### TASK GOAL
When you write out the listing, keep every word as it stands and drop the pictures.

### MATERIAL PROVIDED
━━━━━━━━━━━━━━━━━━━━
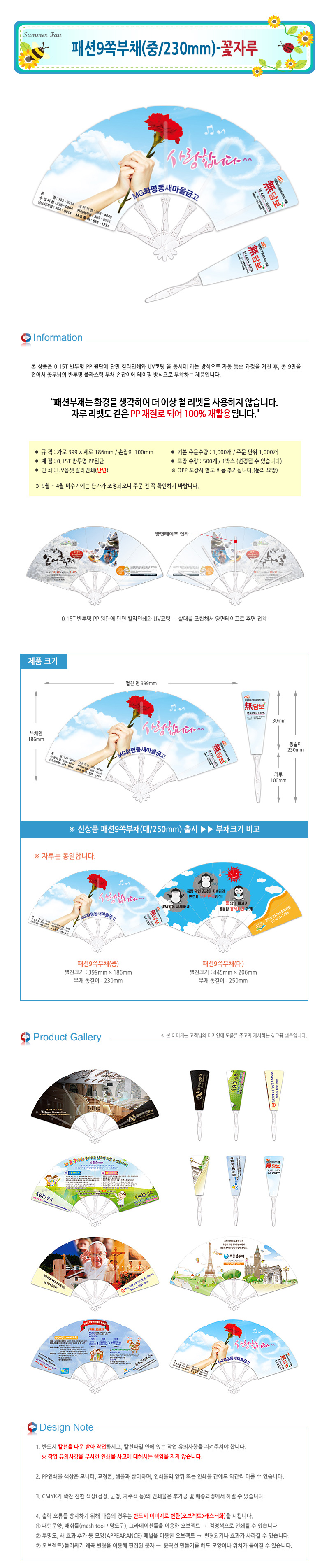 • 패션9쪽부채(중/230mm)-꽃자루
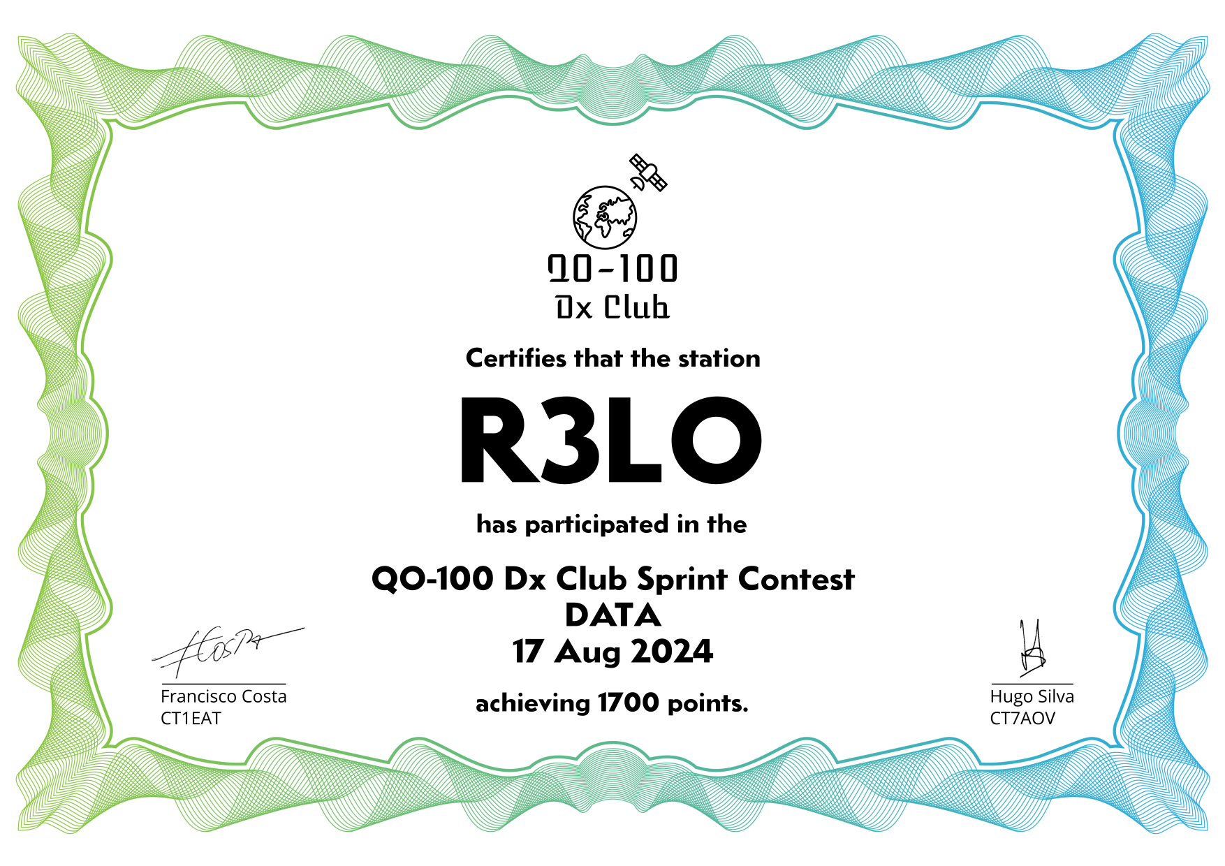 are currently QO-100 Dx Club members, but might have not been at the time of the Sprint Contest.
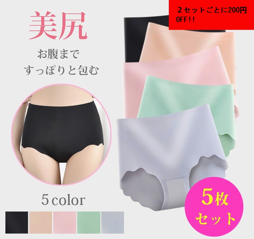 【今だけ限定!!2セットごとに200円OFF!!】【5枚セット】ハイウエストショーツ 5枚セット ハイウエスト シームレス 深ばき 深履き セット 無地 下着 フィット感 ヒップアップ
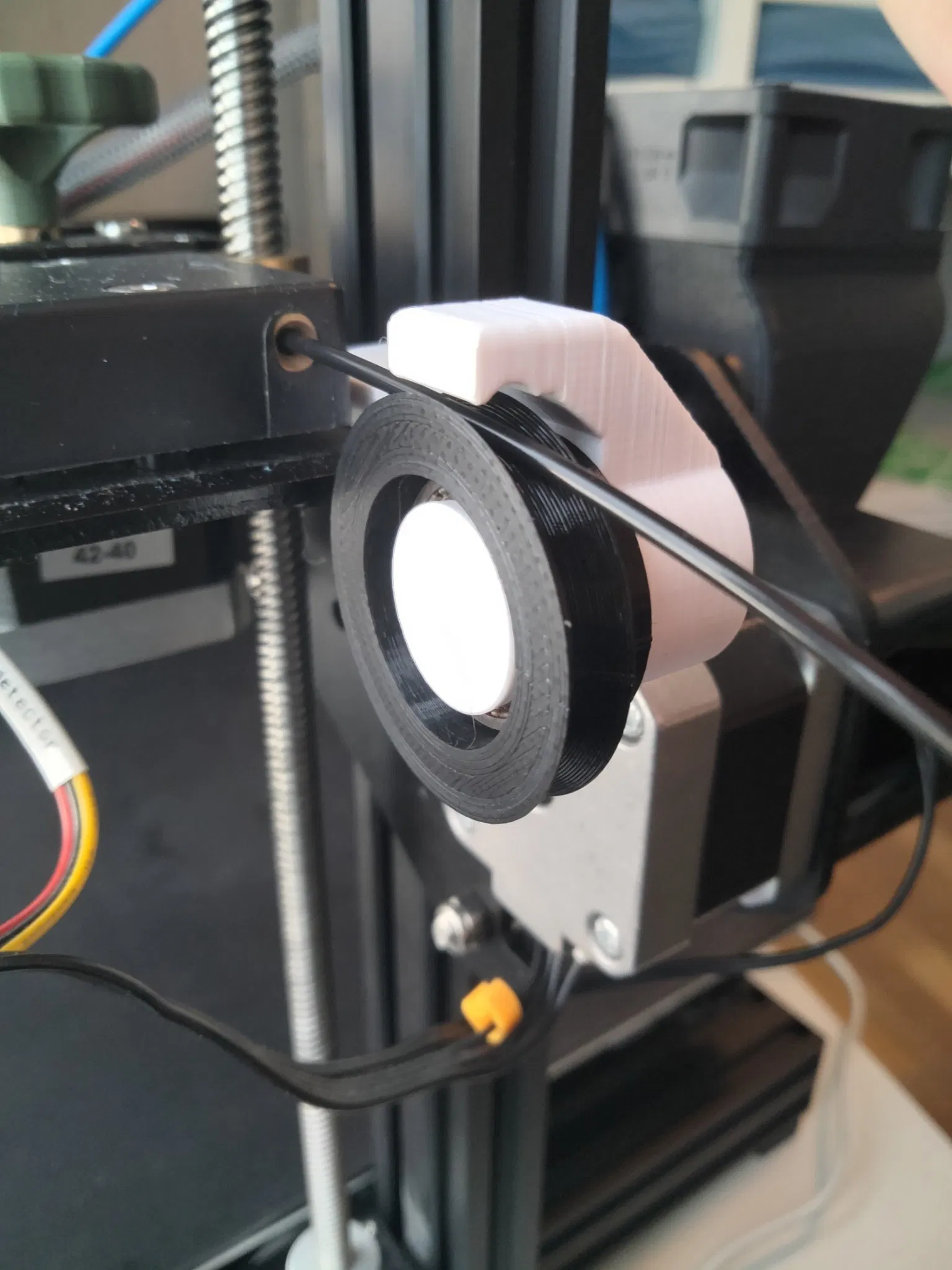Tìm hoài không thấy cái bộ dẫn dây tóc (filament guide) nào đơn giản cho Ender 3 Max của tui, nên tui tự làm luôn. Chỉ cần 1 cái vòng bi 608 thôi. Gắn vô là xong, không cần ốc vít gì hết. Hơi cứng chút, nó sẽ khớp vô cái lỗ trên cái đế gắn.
━━━━━━━━━━━━━━━━━━━━
### YOUR RESPONSE
 • 패션9쪽부채(중/230mm)-꽃자루
 are currently QO-100 Dx Club members, but might have not been at the time of the Sprint Contest.
 【今だけ限定!!2セットごとに200円OFF!!】【5枚セット】ハイウエストショーツ 5枚セット ハイウエスト シームレス 深ばき 深履き セット 無地 下着 フィット感 ヒップアップ
Tìm hoài không thấy cái bộ dẫn dây tóc (filament guide) nào đơn giản cho Ender 3 Max của tui, nên tui tự làm luôn. Chỉ cần 1 cái vòng bi 608 thôi. Gắn vô là xong, không cần ốc vít gì hết. Hơi cứng chút, nó sẽ khớp vô cái lỗ trên cái đế gắn.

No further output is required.